Sing-Chien Yap, Robert-Jan M. van Geuns, Attila Nemes, Folkert J. Meijboom, Jackie S. McGhie, Marcel L. Geleijnse, Maarten L. Simoons, Jolien W. Roos-Hesselink
DOI: http://dx.doi.org/10.1016/j.euje.2007.03.037 255-260 First published online: 8 March 2008

Abstract

Aims To evaluate the accuracy of real-time three-dimensional echocardiography (RT3DE) using a biplane and multiplane method in determining left ventricular (LV) mass compared to cardiac magnetic resonance imaging (CMR).

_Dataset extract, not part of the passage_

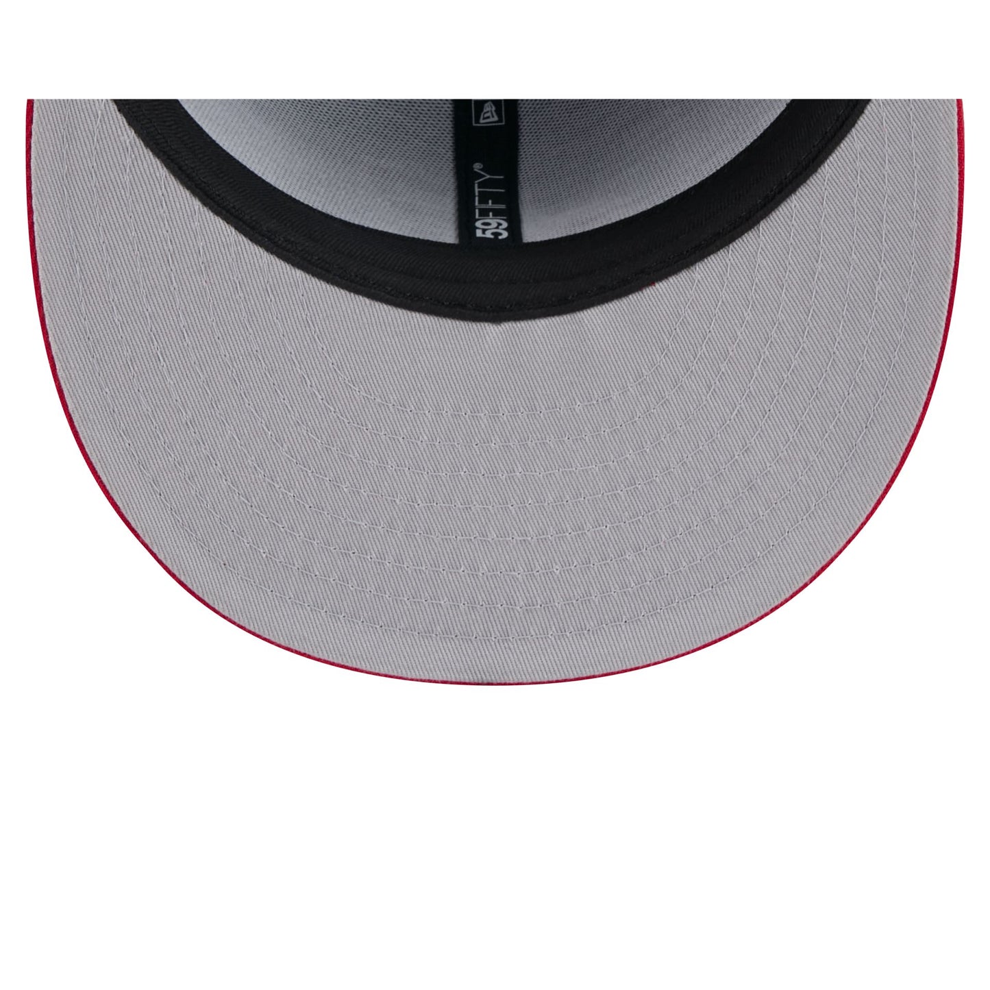 The Montreal Expos Pinstripe League Pin 59FIFTY Fitted Cap features an embroidered Expos Cooperstown logo at the front panels with a League pin at the front right panel. Additional details include pinstripes, a matching MLB Batterman logo at the rear, and a gray undervisor.

Methods and results LV mass was measured in 18 adult patients with congenital aortic stenosis using CMR and echocardiography (M-mode, two-dimensional echocardiography (2DE), and RT3DE). RT3DE data were analysed using a biplane and multiplane method. No geometric assumptions were necessary using the multiplane RT3DE method.

With regard to biplane or multiplane RT3DE, no tendency of over- or underestimation of LV mass was observed. Pearson's correlation coefficients for RT3DE versus CMR were 0.84 and 0.90 for the biplane and multiplane method, respectively. In addition, the accuracy of both RT3DE methods were comparable (Fisher's R-to-Z transformation: Z = 0.69, P = NS). Finally, off-line analysis using biplane RT3DE was significantly faster than multiplane RT3DE (3.8 ± 1.2 vs. 7.8 ± 1.7 minutes, P < 0.001).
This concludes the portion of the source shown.